In AI-enabled industries, we are seeing more companies begin to leverage AI to drive new innovations. Automotive, consumer, healthcare, and finance sectors are already seeing the early benefits from AI, which is allowing them to introduce unique products and services enabling them to out-perform their industry peers. This out-performance has allowed these companies to deliver superior financial performance in the form of faster growth and higher earnings, which in turn has resulted in better relative stock performance that we believe can continue as long as they execute to plan.
We believe 2018 will bring more opportunities to invest in innovative AI-beneficiaries outside the U.S. The early development of artificial intelligence was initially centered in Silicon Valley and U.S. companies were earlier to invest more in the technology. As we have seen over the last 12-24 months, there are now big investments being made by China, Japan, and Europe as every big nation is now racing to build its AI capabilities.
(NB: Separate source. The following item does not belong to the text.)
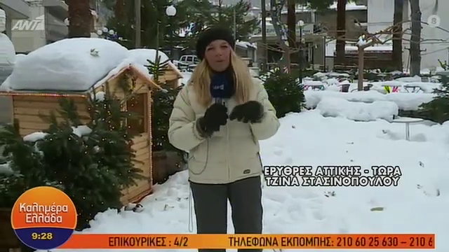 Η έντονη χιονόπτωση που έφερε χθες το βράδυ ο «Ηφαιστίων» έντυσε στα «λευκά» τις Ερυθρές Αττικής.

AI is getting adopted by more companies around the world as the heavy investments over the last few years start to bear fruit.
With a favourable economic and financial market backdrop, we remain optimistic on the continued strong performance gains in the coming year. We are still at the beginning phases of a global transformation that will be ushered in by developments in artificial intelligence. The opportunity for shareholder value creation remains substantial and is growing. At the same time we believe that stock picking will be imperative to capturing the benefits of the opportunity. We are excited about what the coming years will bring and to see how AI technologies can be leveraged to improve people’s lives.
1. As measured by MSCI World Information Technology Index versus MSCI World Index as at 29 December 2017.
2. Source: Statista, as at January 2018.
3. Source: Boston Consulting Group and MIT Sloan Management Review, as at September 2017.